8 of 8 people found the following review helpful By Stewart M TOP 500 REVIEWER on 9 Feb. 2010
Format: Hardcover
Although this book is about past climate change, it is a really valuable read for those interested in the current climate debate.

The processes that lead to the formation of ice ages are not really well understood, and seem to be a combination of many factors. But one thing is very clear - that the world's climatic systems are sensitive to changes, and even seemingly small alterations to the factors that control climate can lead to significant change. This is true for both global cooling and global warming.
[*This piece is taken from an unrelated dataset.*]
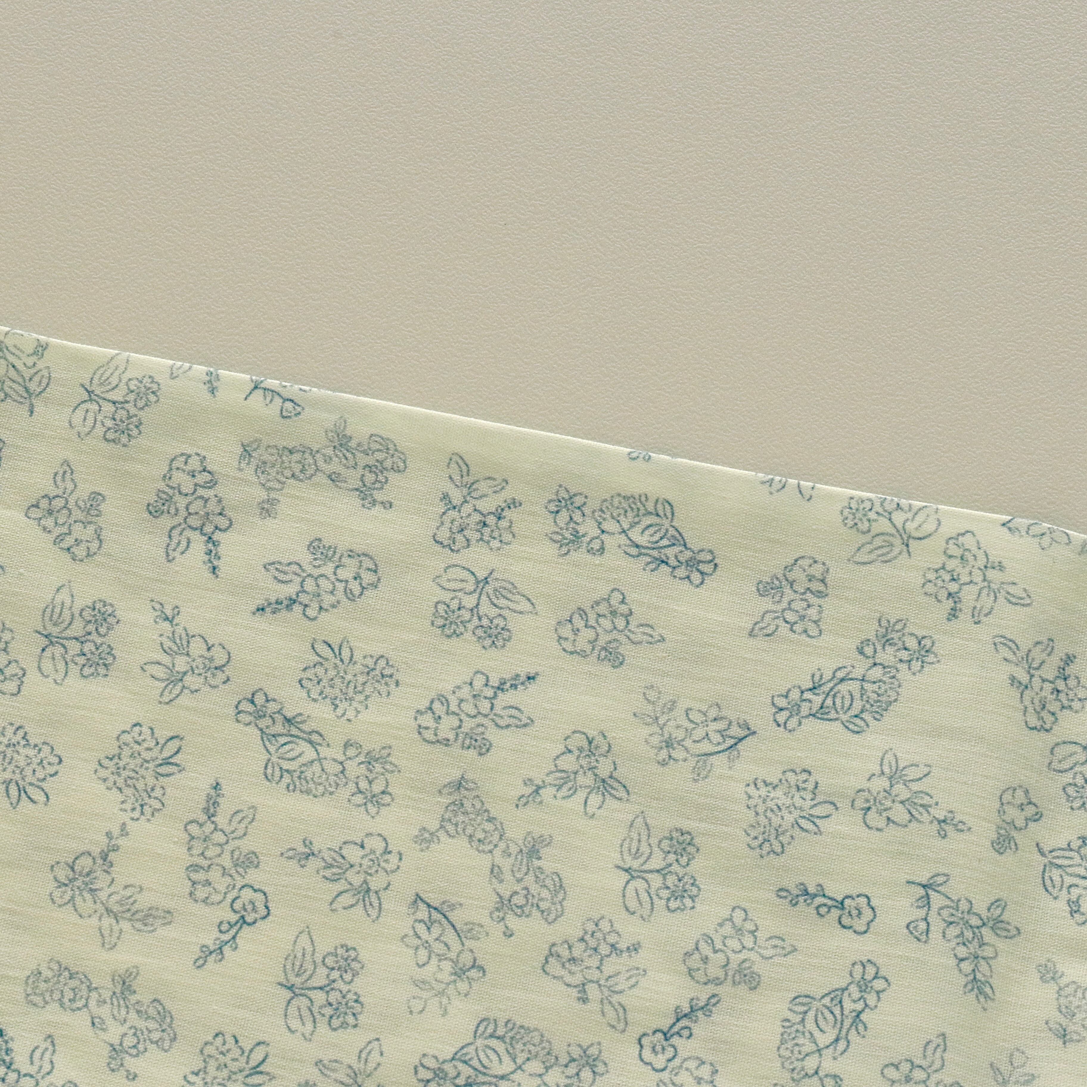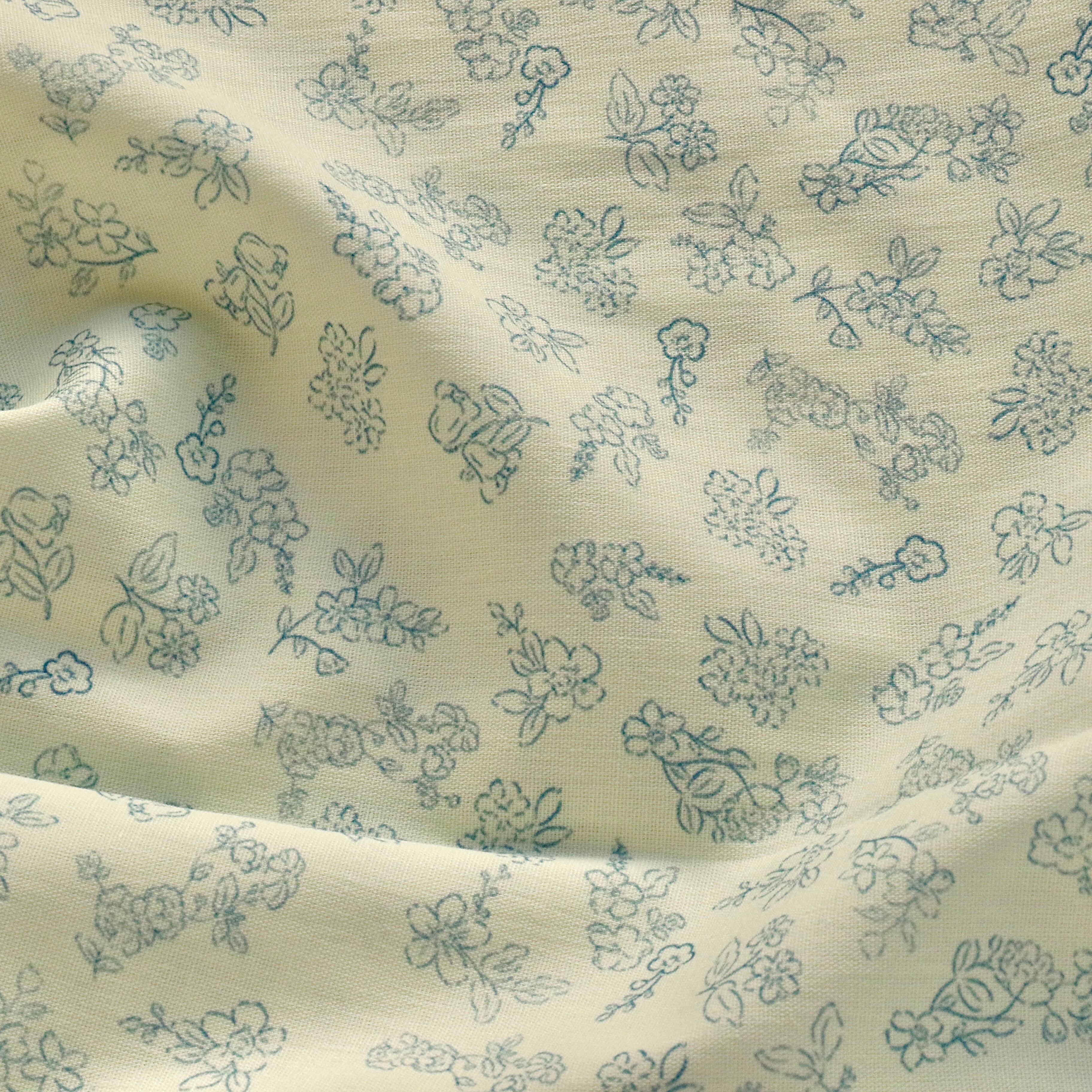 淡いアイボリー地に、ブルーグレーの小花模様がふんわりと描かれた、上品でナチュラルなコットン生地です。どこかアンティークな趣も感じられる、控えめで美しいデザイン。

In part, this is why climate change modeling is so difficult.

While the imminent threat of a new global ice age seems to have passed, we have to ask the question about the role of deep solar cycles in our climate. If these cycles should be cooling us at this time, but our actions are instead causing the world to warm, we will be in real trouble in the future (or possible more trouble!)if theses factors decline.

For a book with four authors it manages to maintain a very consistent tone and it is not really clear when the authorship of a chapter changes. The book is also lavishly illustrated, although at times some of the images do stray a little too close to "Boys Big Books of Wondrous Stuff" type dioramas at times. However, the illustrations are valuable and their sheer numbers make this a much shorter read than the 200+ pages would suggest.

Each section of the book is excellent, and the sections on Neanderthal people and the animals of the Ice have great appeal.

If you are interested in current climate change, I would suggest this is an excellent book to give an introduction to the climate of the recent (geologically speaking) past. Recommended.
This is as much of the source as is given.